YOUR OBJECTIVE
Below are some records. Write out exactly their lines from the one with "відчуваєте зменшення корупції" through the one with "目前甲醇三种制法均有盈利,由于煤价上涨,煤制装置利润有所收缩。", and leave the pictures behind.

INFORMATION SHOWN
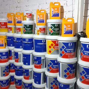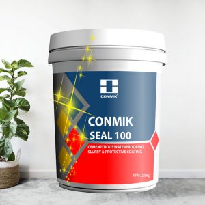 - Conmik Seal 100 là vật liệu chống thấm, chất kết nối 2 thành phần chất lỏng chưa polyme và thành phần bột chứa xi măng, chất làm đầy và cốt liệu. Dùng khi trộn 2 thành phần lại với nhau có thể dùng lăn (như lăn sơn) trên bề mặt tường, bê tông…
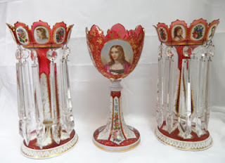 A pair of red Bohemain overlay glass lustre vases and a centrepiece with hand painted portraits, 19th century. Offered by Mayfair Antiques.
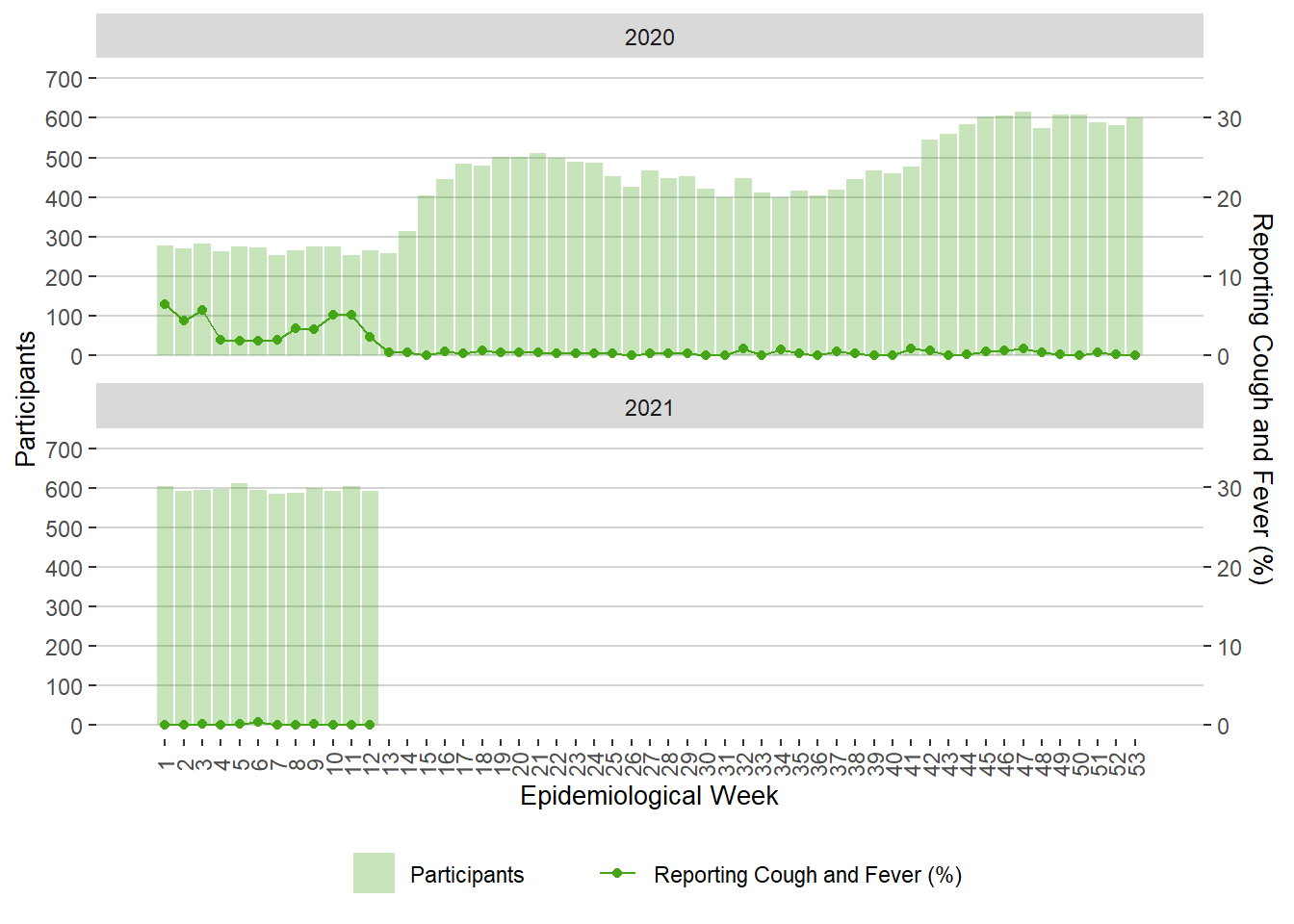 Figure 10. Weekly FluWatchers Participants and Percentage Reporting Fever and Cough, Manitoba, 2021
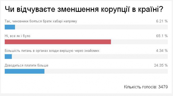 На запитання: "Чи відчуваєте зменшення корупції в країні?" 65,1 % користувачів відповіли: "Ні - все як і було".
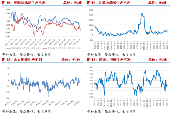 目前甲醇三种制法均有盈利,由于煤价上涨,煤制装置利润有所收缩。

==

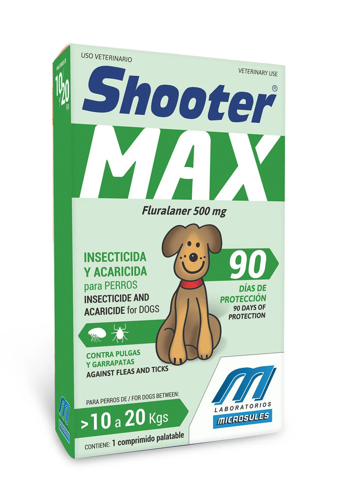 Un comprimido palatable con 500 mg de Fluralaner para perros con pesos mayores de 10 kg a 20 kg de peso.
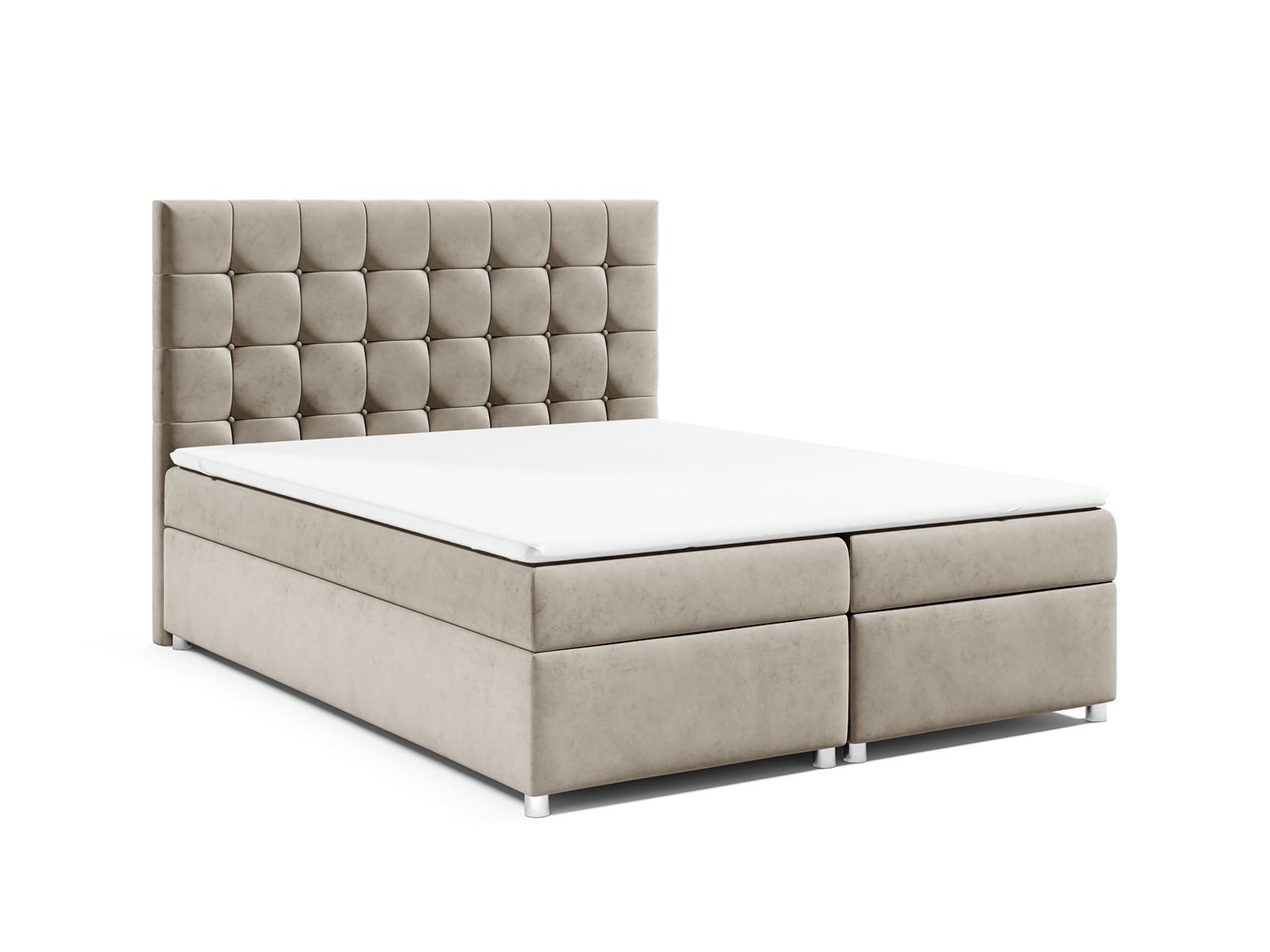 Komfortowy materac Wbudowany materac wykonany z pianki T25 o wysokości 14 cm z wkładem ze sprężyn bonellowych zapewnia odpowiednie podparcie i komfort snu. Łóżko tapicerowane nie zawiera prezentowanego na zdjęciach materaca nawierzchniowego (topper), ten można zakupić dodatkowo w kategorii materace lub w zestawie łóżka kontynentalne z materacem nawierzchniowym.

...

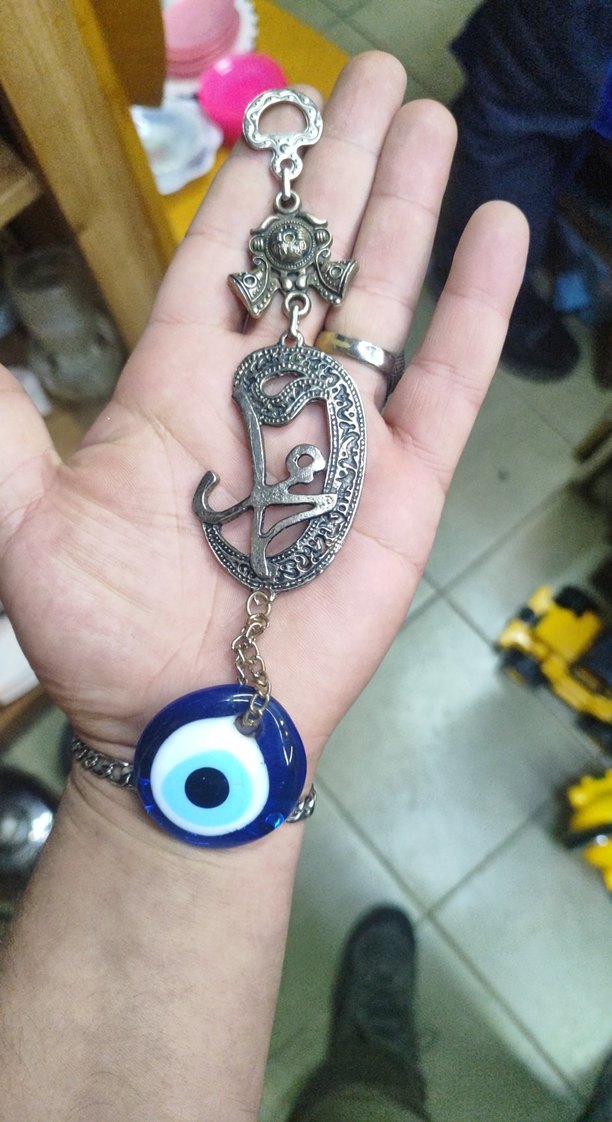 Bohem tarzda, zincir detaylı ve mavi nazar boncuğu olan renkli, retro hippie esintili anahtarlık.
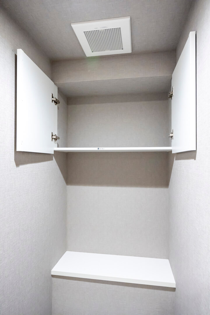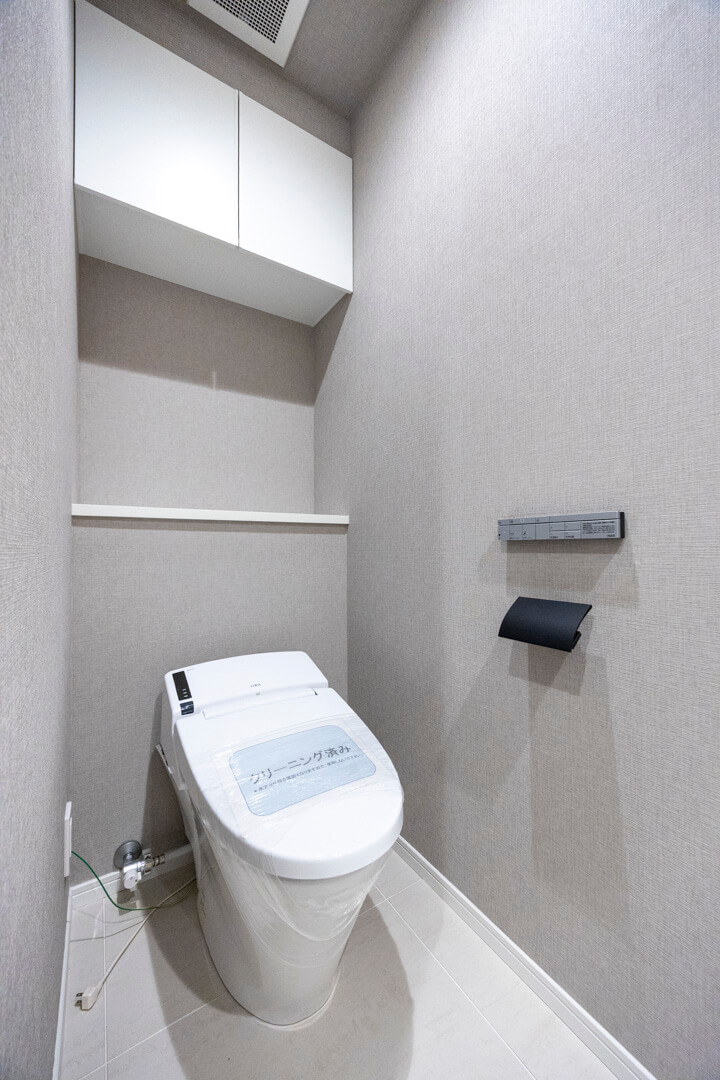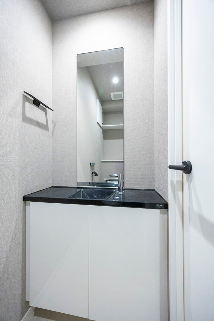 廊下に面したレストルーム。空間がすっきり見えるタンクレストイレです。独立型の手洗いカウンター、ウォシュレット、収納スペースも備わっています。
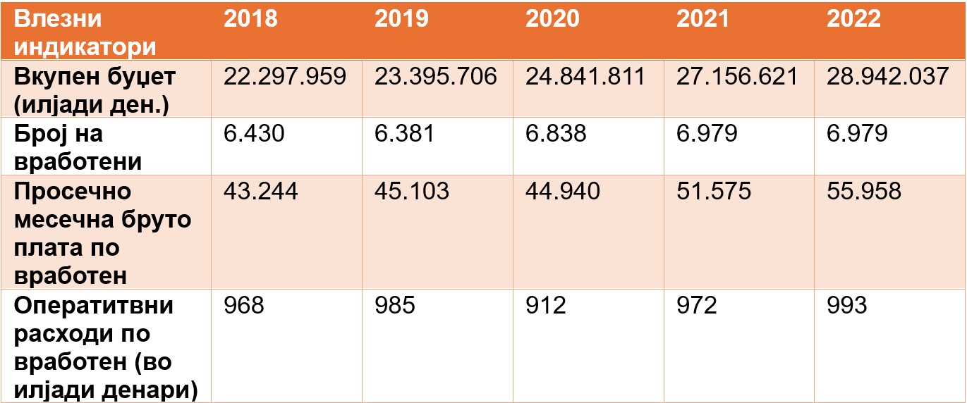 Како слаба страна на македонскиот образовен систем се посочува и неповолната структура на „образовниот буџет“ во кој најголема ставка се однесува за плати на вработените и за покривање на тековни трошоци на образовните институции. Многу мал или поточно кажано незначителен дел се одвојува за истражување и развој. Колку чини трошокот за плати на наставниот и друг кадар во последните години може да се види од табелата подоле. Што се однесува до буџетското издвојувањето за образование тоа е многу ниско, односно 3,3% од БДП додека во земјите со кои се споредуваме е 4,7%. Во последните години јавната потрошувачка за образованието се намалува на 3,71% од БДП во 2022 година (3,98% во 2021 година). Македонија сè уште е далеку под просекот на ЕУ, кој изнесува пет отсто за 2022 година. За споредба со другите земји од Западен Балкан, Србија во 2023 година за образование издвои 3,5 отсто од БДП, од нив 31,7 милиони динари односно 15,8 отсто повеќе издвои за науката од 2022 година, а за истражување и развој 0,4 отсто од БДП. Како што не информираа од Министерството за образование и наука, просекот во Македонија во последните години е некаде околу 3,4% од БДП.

RESULT FOR THIS TASK
 На запитання: "Чи відчуваєте зменшення корупції в країні?" 65,1 % користувачів відповіли: "Ні - все як і було".
 目前甲醇三种制法均有盈利,由于煤价上涨,煤制装置利润有所收缩。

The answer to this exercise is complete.